But she is beauty. He names everything, as if God has fashioned him into the old skins of Adam and he is wearing the first man like a promise on the face of his existence. Renee is beauty. War is hell. Blood is life. But mostly he names her. Porcelain skin stretched over old age. For she is an old soul, a shard of glass stuck in an old wound – to love her is to love pain. If pain is all he can feel, then it is enough for him, for he cannot stomach the numbness. He sheds it like old memories, the dead sensations, and buries them in the ashes of a life peppered with the spices of home.
They both know they can never go back.
Bastogne is all she remembers. If there was home before, there is nothing now. It is the face in the crowd that strikes upon the hard, cold hearth of recognition, but the sparks can't hold. The heat has died and she is too weak to strike another match. She forgets home. She forgets sanctuary. It is a word foreign to her ears. A concept too far away to even dream of.
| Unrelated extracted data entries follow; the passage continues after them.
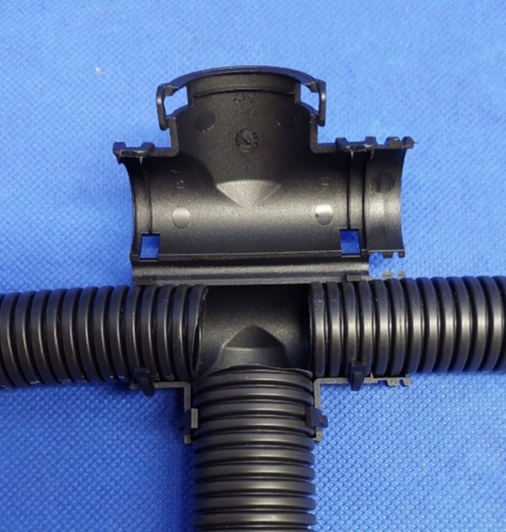 T-stuk Ribbelbuis - 17-22-17 - Vorm A - PA66 - Schlemmer 9806135 (Delfingen / ABB)
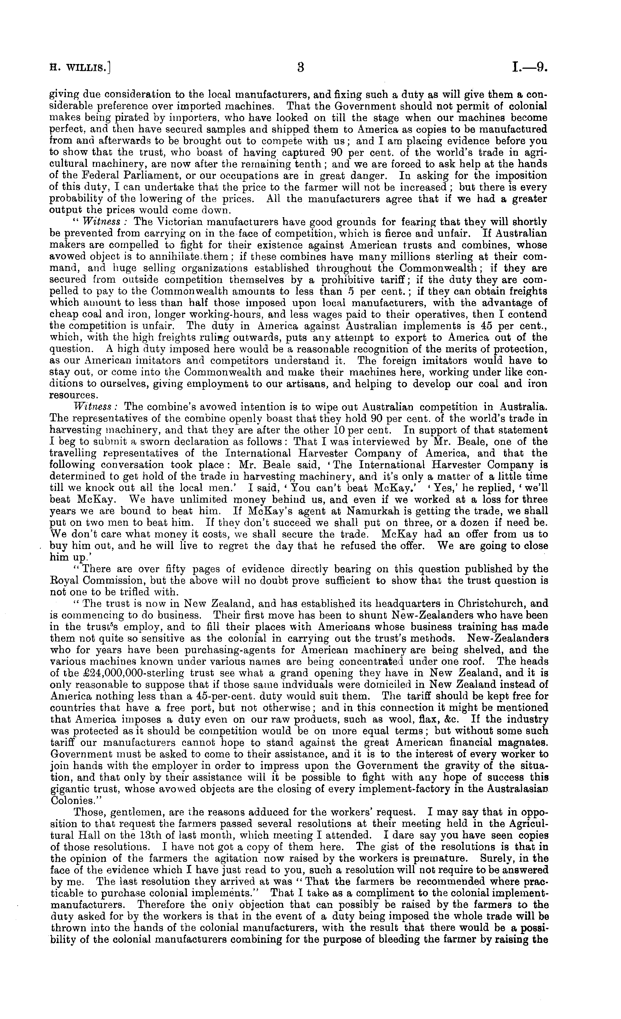 giving due consideration to the local manufacturers, and fixing such a duty as will give them a considerable preference over imported machines. That the Government should not permit of colonial makes being pirated by importers, who have looked on till the stage when our machines become perfect, and then have secured samples and shipped them to America as copies to be manufactured from and afterwards to be brought out to compete with us; and lam placing evidence before you to show that the trust, who boast of having captured 90 per cent, of the world's trade in agricultural machinery, are now after the remaining tenth; and we are forced to ask help at the hands of the Federal Parliament, or our occupations are in great danger. In asking for the imposition of this duty, I can undertake that the price to the farmer will not be increased ; but there is every probability of the lowering of the prices. All the manufacturers agree that if we had a greater output the prices would come down. " Witness : The Victorian manufacturers have good grounds for fearing that they will shortly be prevented from carrying on in the face of competition, which is fierce and unfair. If Australian makers are compelled "to fight for their existence against American trusts and combines, whose avowed object is to annihilate.them: if these combines have many millions sterling at their command, and huge selling organizations established throughout the Commonwealth; if they are secured from outside competition themselves by a prohibitive tariff; if the duty they are compelled to pay to the Commonwealth amounts to less than 5 per cent.; if they can obtain freights which amount to less than half those imposed upon local manufacturers, with the advantage of cheap coal and iron, longer working-hours, and less wages paid to their operatives, then I contend the competition is unfair. The duty in America against Australian implements is 45 per cent., which, with the high freights ruling outwards, puts any attempt to export to America out of the question. A high duty imposed here would be a reasonable recognition of the merits of protection, as our American imitators and competitors understand it. The foreign imitators would have to stay out, or come into the Commonwealth and make their machines here, working under like conditions to ourselves, giving employment to our artisans, and helping to develop our coal and iron resources. Witness : The combine's avowed intention is to wipe out Australian competition in Australia. The representatives of the combine openly boast that they hold 90 per cent, of the world's trade in harvesting machinery, and that they are after the other 10 per cent. In support of that statement I beg to submit a sworn declaration as follows : That I was interviewed by Mr. Beale, one of the travelling representatives of the International Harvester Company of America, and that the following conversation took place : Mr. Beale said, ' The International Harvester Company is determined to get hold of the trade in harvesting machinery, and it's only a matter of a little time till we knock out all the local men.' I said, ' You can't beat McKay.' ' Yes,' he replied, ' we'll beat McKay. We have unlimited money behind us, and even if we worked at a loss for three years we are bound to beat him. If McKay's agent at Namurkah is getting the trade, we shall put on two men to beat him. If they don't succeed we shall put on three, or a dozen if need be. We don't care what money it costs, we shall secure the trade. McKay had an offer from us to buy him out, and he will live to regret the day that he refused the offer. We are going to close him up.' " There are over fifty pages of evidence directly bearing on this question published by the Eoyal Commission, but the above will no doubt prove sufficient to show that the trust question is not one to be trifled with. " The trust is now in New Zealand, and has established its headquarters in Christchurch, and is commencing to do business. Their first move has been to shunt New-Zealanders who have been in the trust 5 s employ, and to fill their places with Americans whose business training has made them not quite so sensitive as the colonial in carrying out the trust's methods. New-Zealanders who for years have been purchasing-agents for American machinery are being shelved, and the various machines known under various names are being concentrated under one roof. The heads of the £24,000,000-sterling trust see what a grand opening they have in New Zealand, and it is only reasonable to suppose that if those same indviduals were domiciled in New Zealand instead of America nothing less than a 45-per-cent. duty would suit them. The tariff should be kept free for countries that have a free port, but not otherwise; and in this connection it might be mentioned that America imposes a duty even on our raw products, such as wool, flax, &c. If the industry was protected as it should be competition would be on more equal terms; but without some such tariff our manufacturers cannot hope to stand against the great American financial magnates. Government must be asked to come to their assistance, and it is to the interest of every worker to join hands with the employer in order to impress upon the Government the gravity of the situation, and that only by their assistance will it be possible to fight with any hope of success this gigantic trust, whose avowed objects are the closing of every implement-factory in the Australasian Colonies." Those, gentlemen, are the reasons adduced for the workers' request. I may say that in opposition to that request the farmers passed several resolutions at their meeting held in the Agricultural Hall on the 13th of last month, which meeting I attended. I dare say you have seen copies of those resolutions. I have not got a copy of them here. The gist of the resolutions is that in the opinion of the farmers the agitation now raised by the workers is premature. Su
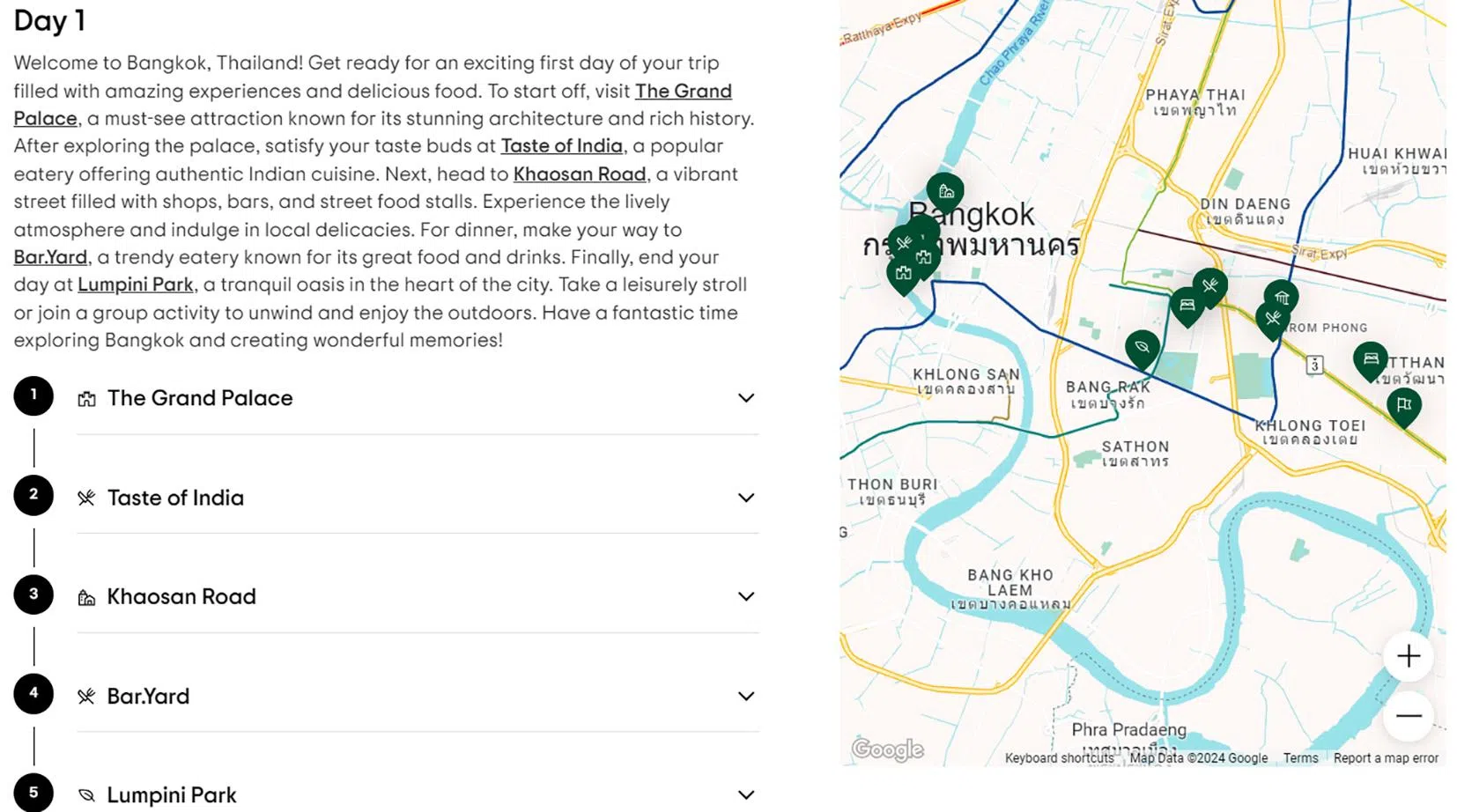 For example, Tripadvisor’s AI trip builder recommended starting the day at Bangkok’s Grand Palace, followed by lunch at Taste of India for “authentic Indian cuisine” before a midday visit to legendary nightlife area Khaosan Road, dining at the tiki-themed rooftop eatery Bar.Yard, and winding down at Lumpini Park.
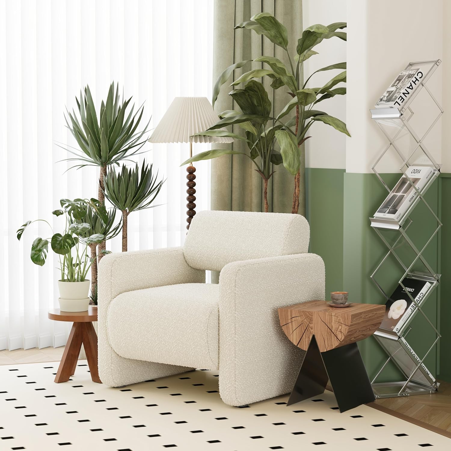 - 【Versatile Accent for Any Room】 This boucle accent chair with armrests is the perfect solution to define your décor. Its compact yet impactful design makes it an ideal fit for multiple spaces: as a stylish accent chair in your living room, a cozy seating solution in your bedroom, a comfortable guest chair in your office, or a welcoming seat in a reception area.
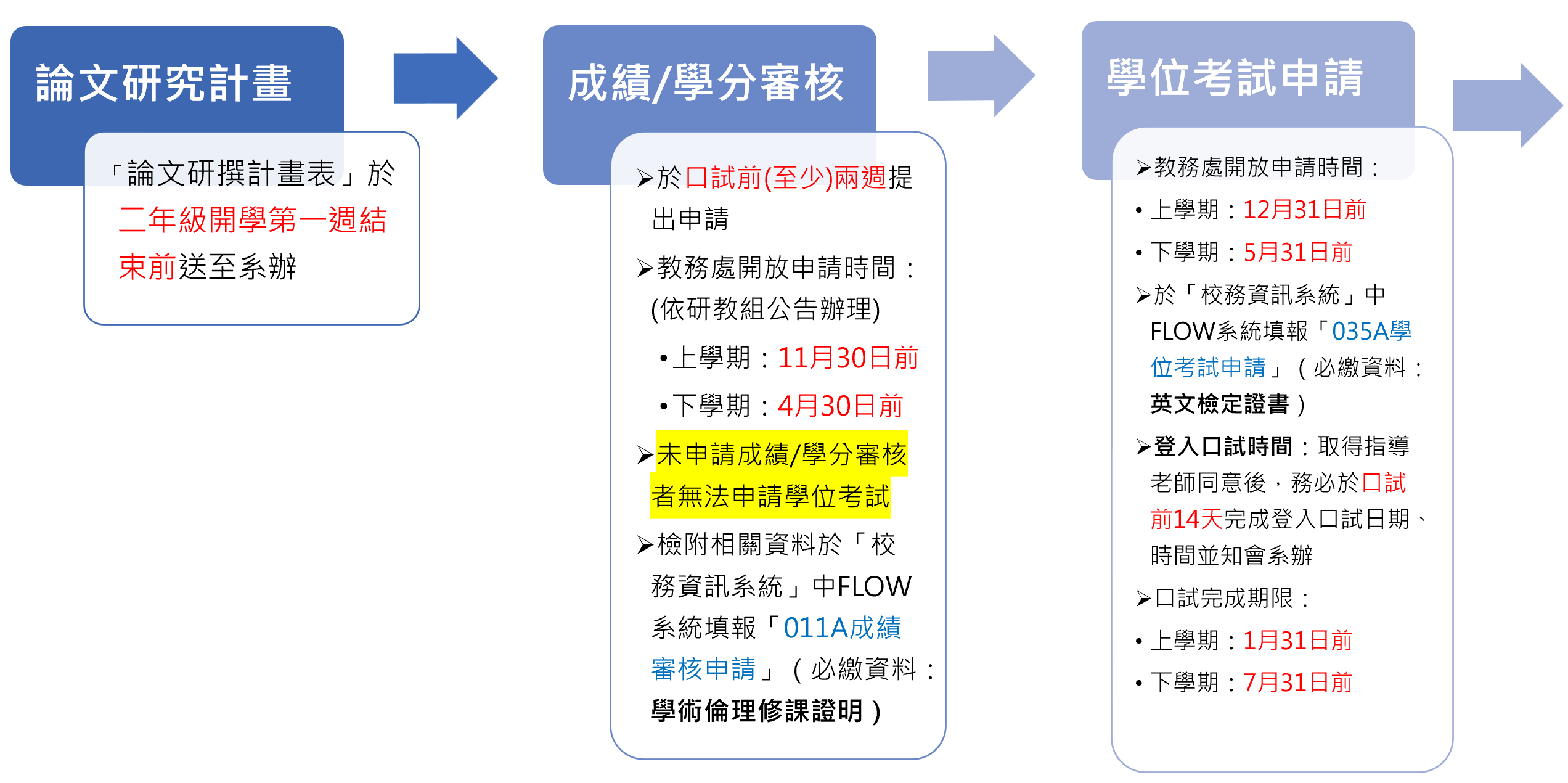 決定研究生是否可提出博(碩)士學位考試(論文口試)之申請,並簽署「指導教授同意函(Oral Defense)」,及於FLOW系統中填寫提交「 035A學位考試申請」表。

But when he is here, he is home. His hair the wrought iron stove, black as coal. His eyes the windows, stone-blue sashes to stash away the secrets that lay within the walls of soul. His voice is smooth and she recalls a figure that ghosts through her cognizance, but was once living flesh. In him, there is rest, there is hope, there is comfort. And now she cannot help but dream of dark-eyed havens and raven-haired console.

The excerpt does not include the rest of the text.